> **YOUR ASSIGNMENT**: Output the first line of the listing and each line after it, up to and including the line that contains "To enhance safety", exactly as written, minus the pictures.

GIVEN INFORMATION Block Start

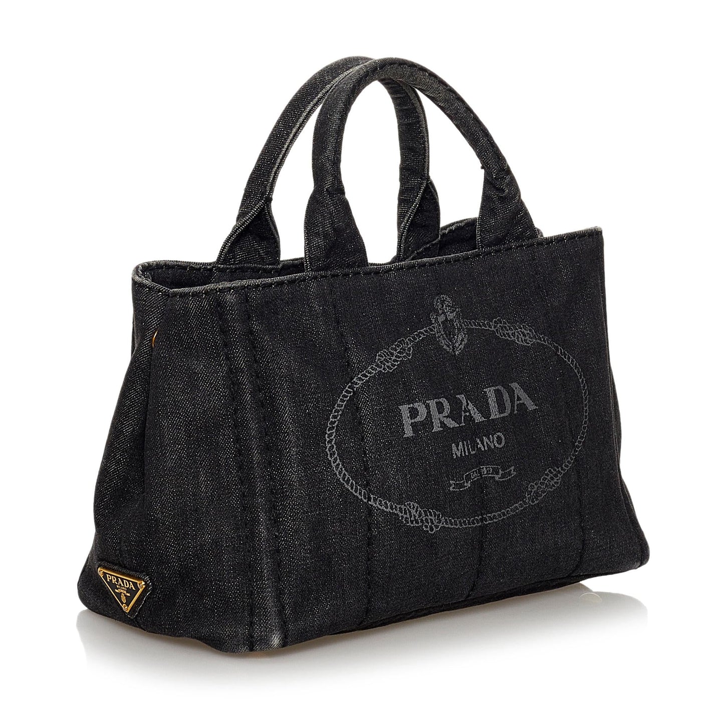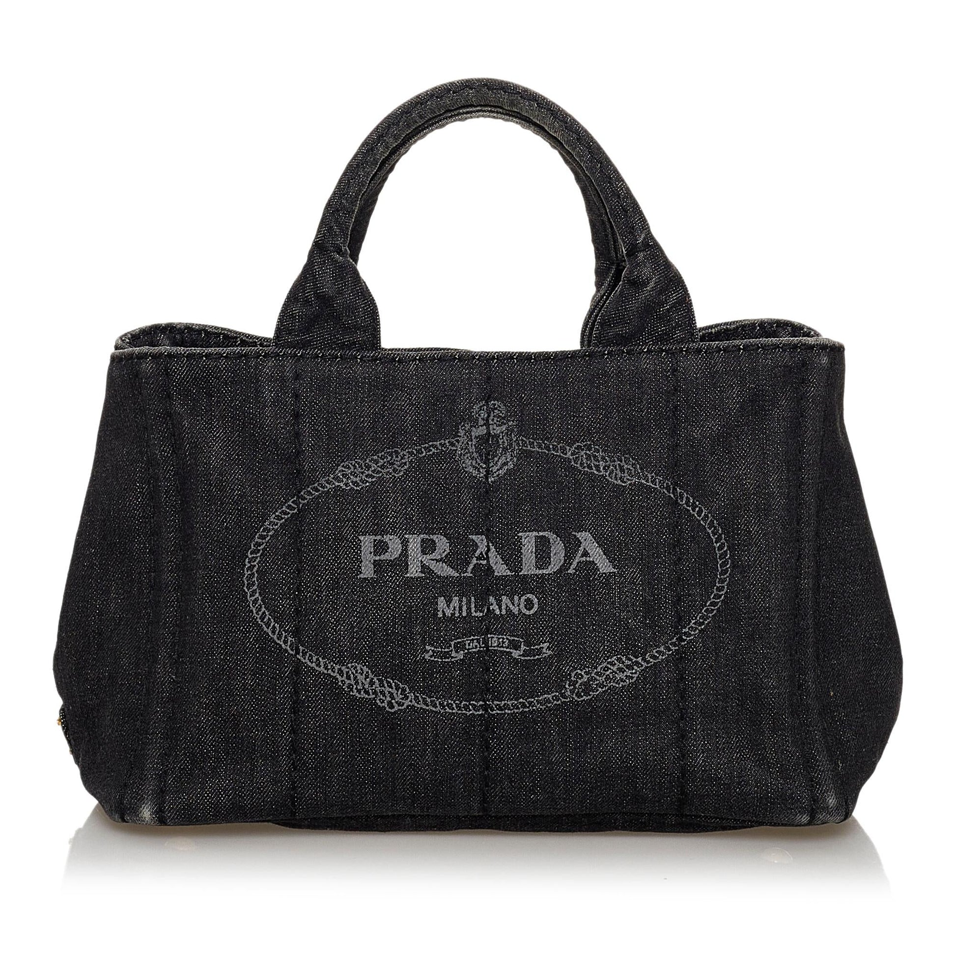 Prada Canapa Logo Denim Satchel (SHG-30089)
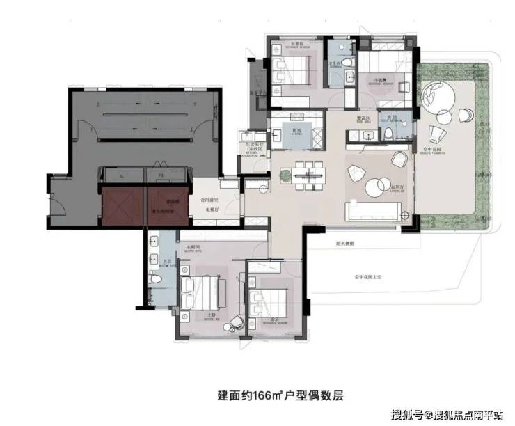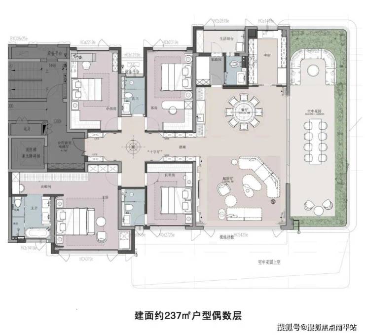 全盘共规划15栋住宅,合计户数650套,其中普通住宅4栋(184套),户型为建面约150㎡四房两厅三卫,生态住宅11栋(466套),户型为建面约166-320㎡空中花园平阔墅,以纯粹大户型成就高端人居作品。
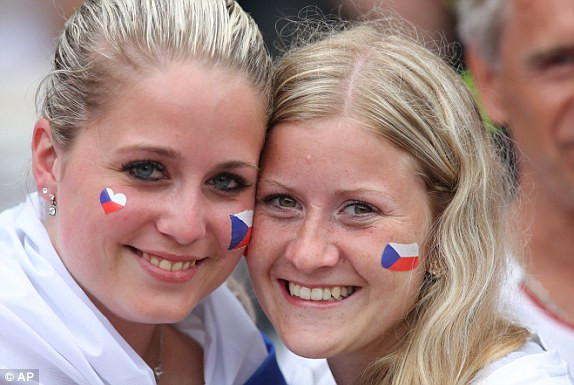 Hai cổ động viên nữ của Séc rạng ngời.
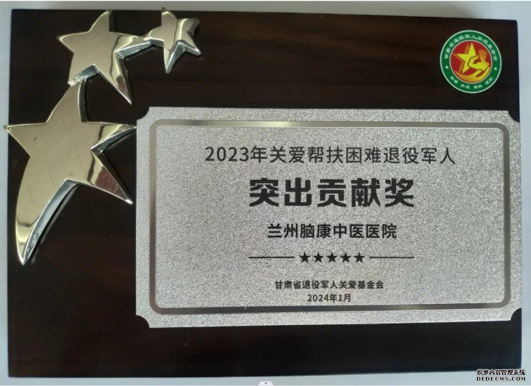 热烈祝贺兰州脑康中医院荣获 ——2023年度甘肃省退役军人关爱帮扶“突出贡献奖”!
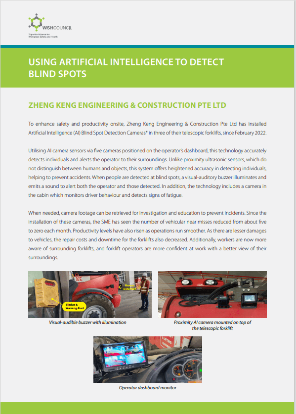 To enhance safety and productivity onsite, Zheng Keng Engineering & Construction Pte Ltd has installed Artificial Intelligence (AI) Blind Spot Detection Cameras in three of their telescopic forklifts, since February 2022.
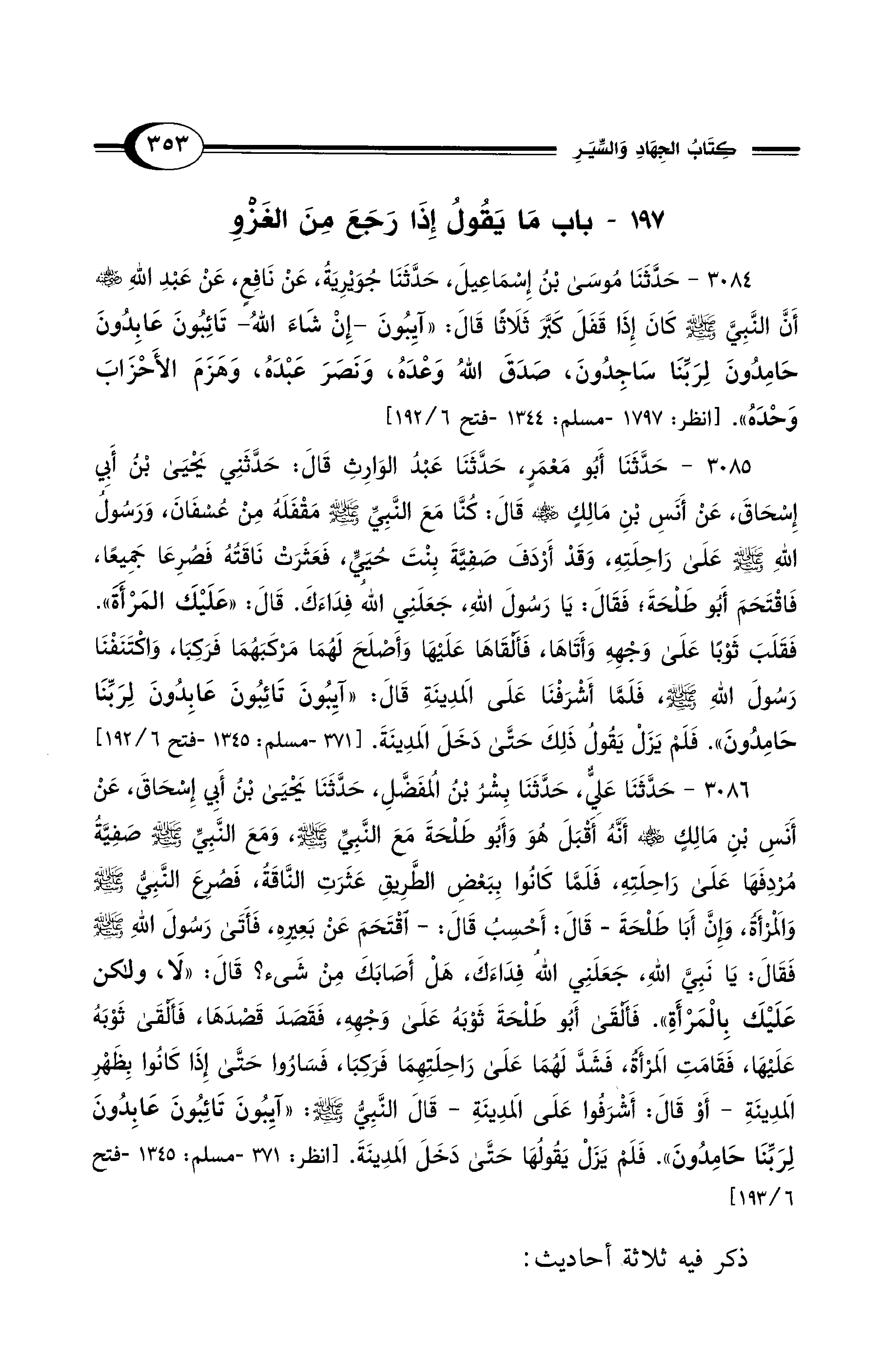 3085 - حَدَّثَنَا أَبُو مَعْمَرٍ، حَدَّثَنَا عَبْدُ الْوَارِثِ قَالَ: حَدَّثَنِي يَحْيَى بْنُ أَبِي إِسْحَاقَ، عَنْ أَنَسِ بْنِ مَالِكٍ - رضي الله عنه - قَالَ: كُنَّا مَعَ النَّبِيِّ - صلى الله عليه وسلم - مَقْفَلَهُ مِنْ عُسْفَانَ، وَرَسُولُ اللهِ - صلى الله عليه وسلم - عَلَى رَاحِلَتِهِ، وَقَدْ أَرْدَفَ صَفِيَّةَ بِنْتَ حُيَيٍّ، فَعَثَرَتْ نَاقَتُهُ فَصُرِعَا جَمِيعًا، فَاقْتَحَمَ أَبُو طَلْحَةَ فَقَالَ: يَا رَسُولَ اللهِ، جَعَلَنِي الله فِدَاءَكَ. قَالَ: «عَلَيْكَ المَرْأَةَ». فَقَلَبَ ثَوْبًا عَلَى وَجْهِهِ وَأَتَاهَا، فَأَلْقَاهَا عَلَيْهَا وَأَصْلَحَ لَهُمَا مَرْكَبَهُمَا فَرَكِبَا، وَاكْتَنَفْنَا رَسُولَ اللهِ - صلى الله عليه وسلم -، فَلَمَّا أَشْرَفْنَا عَلَى المَدِينَةِ قَالَ: «آيِبُونَ تَائِبُونَ عَابِدُونَ لِرَبِّنَا حَامِدُونَ». فَلَمْ يَزَلْ يَقُولُ ذَلِكَ حَتَّى دَخَلَ المَدِينَةَ. [371 - مسلم: 1345 - فتح 6/ 192]
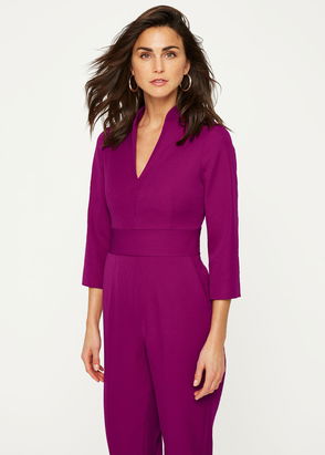 Add a pop of colour to your event wardrobe with the Helene jumpsuit. With subtly ruched shoulders that create a feminine puff sleeve effect our vibrant purple jumpsuit is sure to turn heads at every special occasion. The faux wrap style flares through to a wide leg silhouette for effortless movement, finished with a contemporary gold belt for added interest. Simply style with matching gold accessories for a coordinated look.
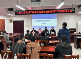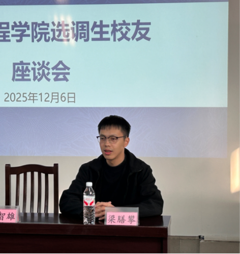 12月6日下午,我院在机械楼报告厅举办选调生校友基层工作经验分享会。本次分享会邀请到我院2019届校友赵智雄、2025届校友廖家强和梁膳攀三位选调生代表返校,为在校生传经送宝。院党委副书记黄路明、负责就业工作辅导员曾祥喜及在校学生代表参加座谈交流。
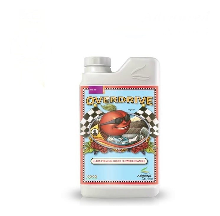 - Overdrive es un fertilizante especial para mejorar la floración; tras su aplicación, engordarán las flores que se han estado formando durante el primer mes de floración. Resultados óptimos garantizados. Se aplica cuando sólo queda finalizar la floración; es decir, cuando los cogollos ya están formados y necesitan un aporte extra de Fósforo y Potasio para crear una explosión de nuevos cálices cubiertos de tricomas. Ayuda a generar resinas y terpenos que potenciar los sabores y aromas de las plantas además de influir en el peso final 🌿
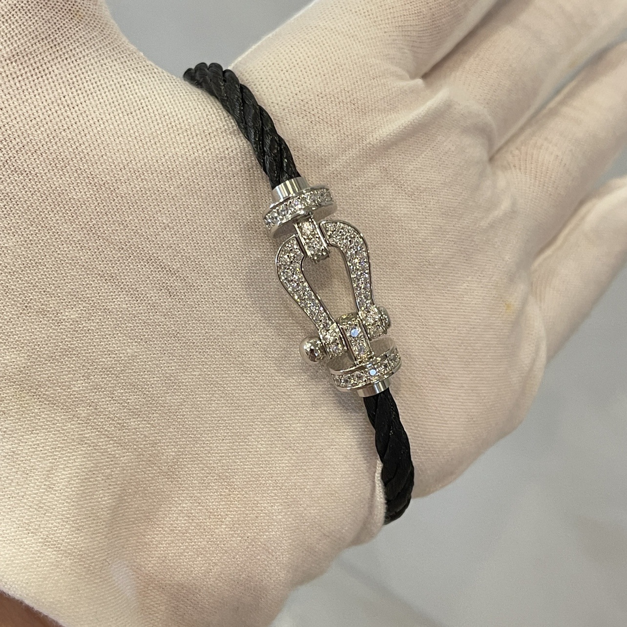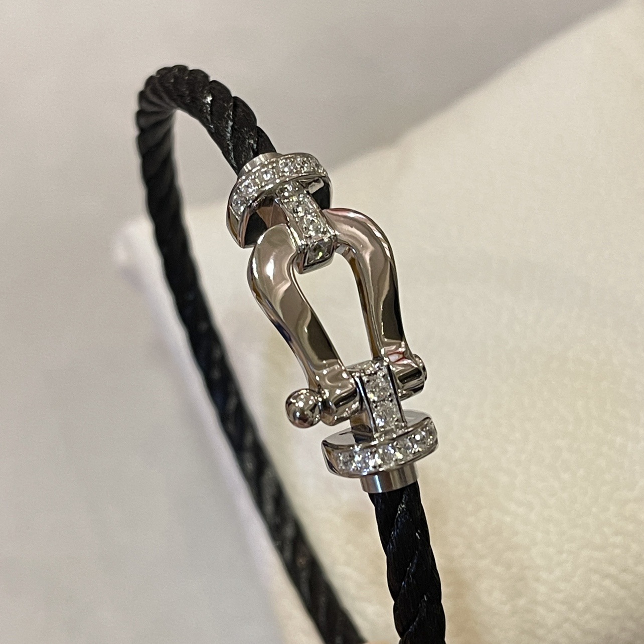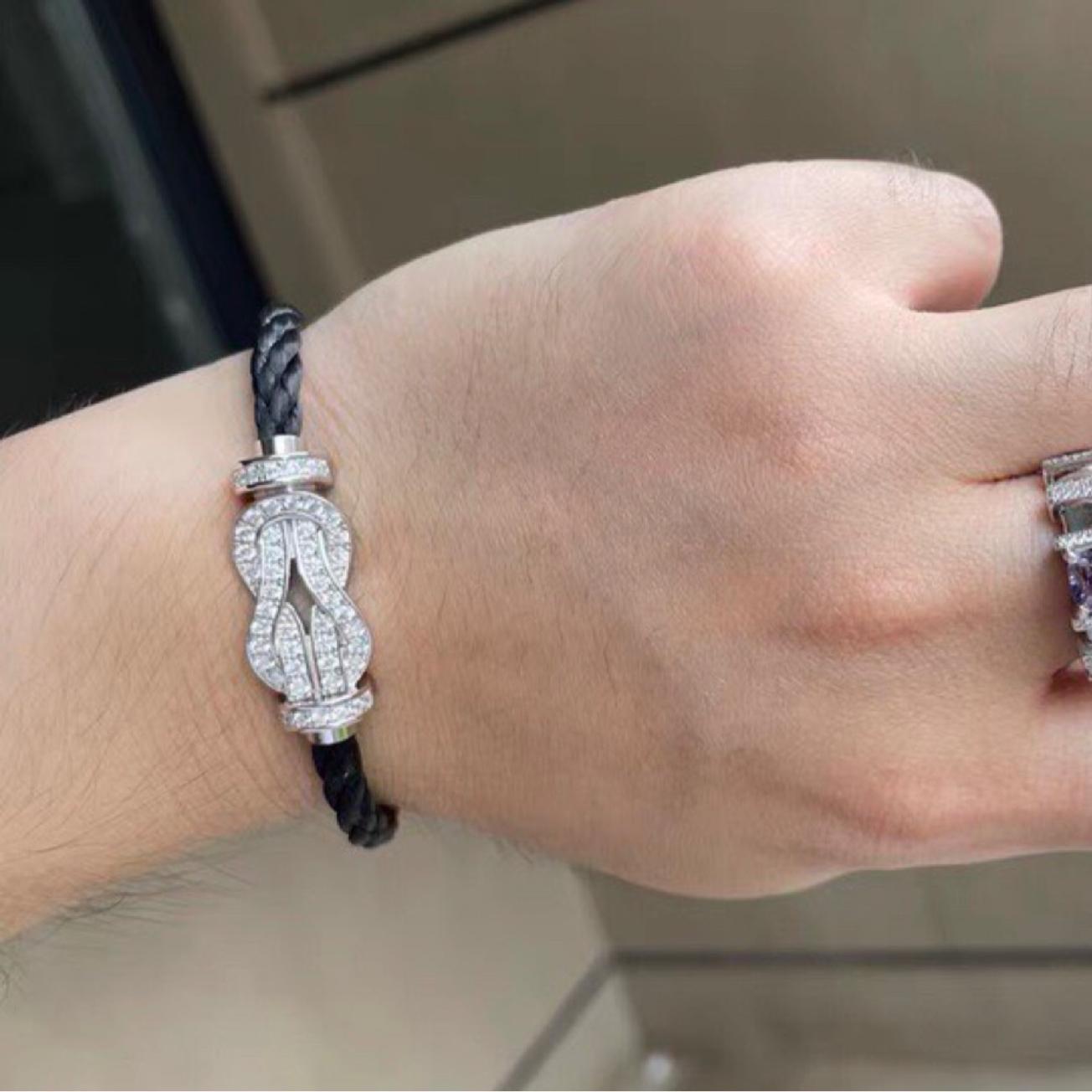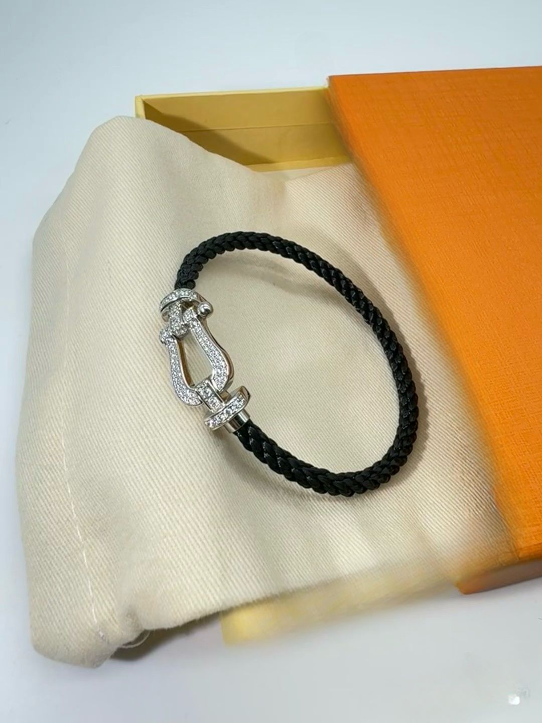 This bracelet features a black braided leather cord as the main body, with a metal buckle encrusted with diamonds, the buckle design is exquisite, the diamonds shine brightly, and the black and white colour scheme is classic and stylish. The bracelet combines the soft texture of leather with the luxury of diamonds, and has a unique style, which can be worn with casual wear to highlight personality, or with formal wear to add a touch of sophistication, suitable for those who pursue fashion and quality.
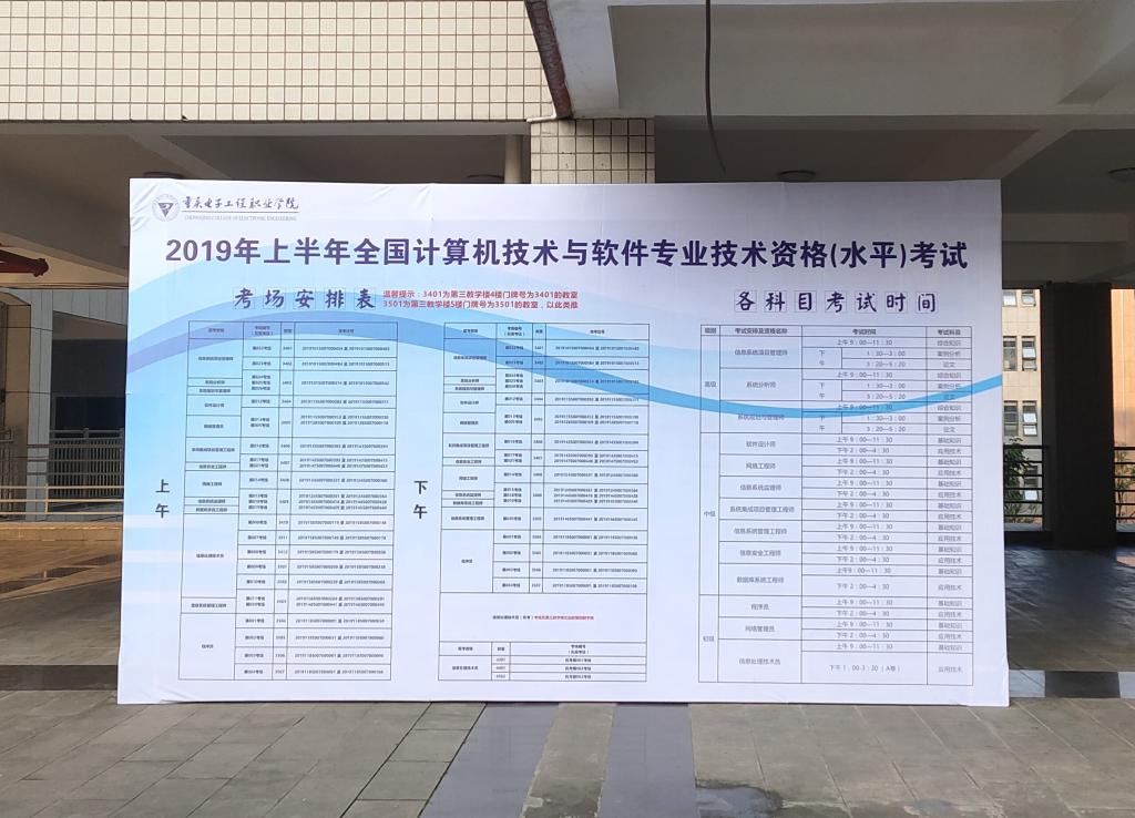 考虑到外来考生不熟悉考点环境,软考工作小组组织了7名学生志愿者,分布在考点各处入口,及时引导考生到达相应的考场,确保考试顺利进行。
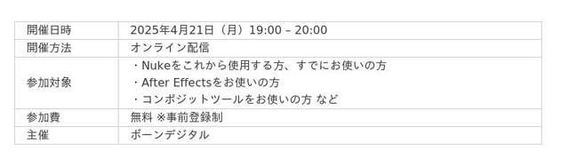 本セミナーでは、2025年3月に刊行された『Nuke教科書』の著者陣が登壇し、書籍に掲載されたトピックをご紹介します。Nuke初心者から経験者まで、幅広く学びを深めたい方におすすめの内容です。
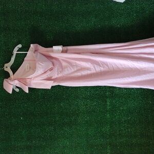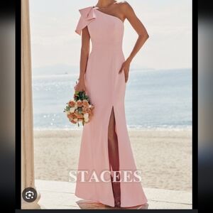This elegant pink gown showcases an asymmetrical one-shoulder neckline with ruffled detailing, perfect for a wedding or cocktail event. The floor-length design features a stylish slit, adding a touch of sophistication and movement. Its sleek silhouette ensures a flattering fit for any special occasion.
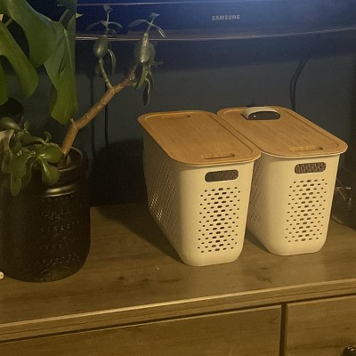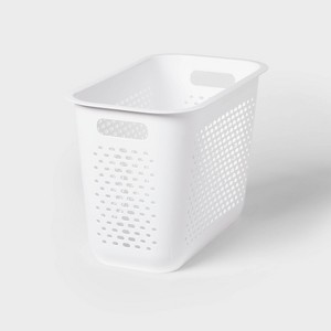 Narrow Large Decorative Plastic Bin White - Brightroom™: Modern Storage with Cut-Out Handles, 13" Cube Compatible
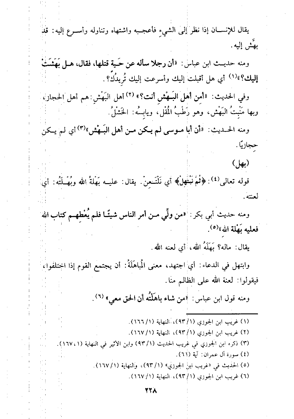 ومنه حديث ابن عباس: (أن رجلا سأله عن حية قتلها، فقال، هل بهشت إليك؟ ) أي هل أقبلت إليك وأسرعت إليك تريدك؟
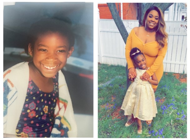 Photo on Left: Childhood photo of Danielle; Photo on Right: Danielle with her daughter, Sophia
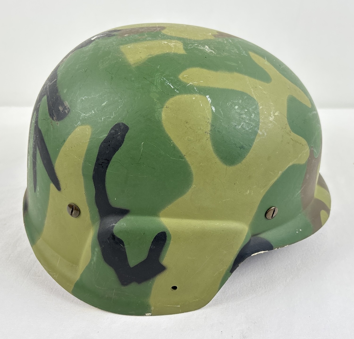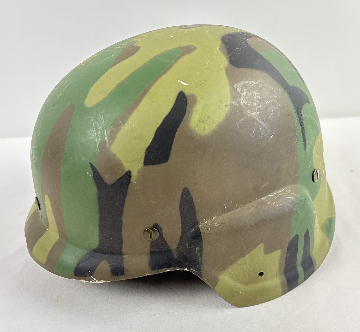 Rare prototype experimental US PASGT helmet in camouflage paint finish, made of GRP by Consolidated Molded Products 1976. Complete with cradle.

GIVEN INFORMATION Block End

> **RESPONSE**:
 Prada Canapa Logo Denim Satchel (SHG-30089)
 全盘共规划15栋住宅,合计户数650套,其中普通住宅4栋(184套),户型为建面约150㎡四房两厅三卫,生态住宅11栋(466套),户型为建面约166-320㎡空中花园平阔墅,以纯粹大户型成就高端人居作品。
 Hai cổ động viên nữ của Séc rạng ngời.
 热烈祝贺兰州脑康中医院荣获 ——2023年度甘肃省退役军人关爱帮扶“突出贡献奖”!
 To enhance safety and productivity onsite, Zheng Keng Engineering & Construction Pte Ltd has installed Artificial Intelligence (AI) Blind Spot Detection Cameras in three of their telescopic forklifts, since February 2022.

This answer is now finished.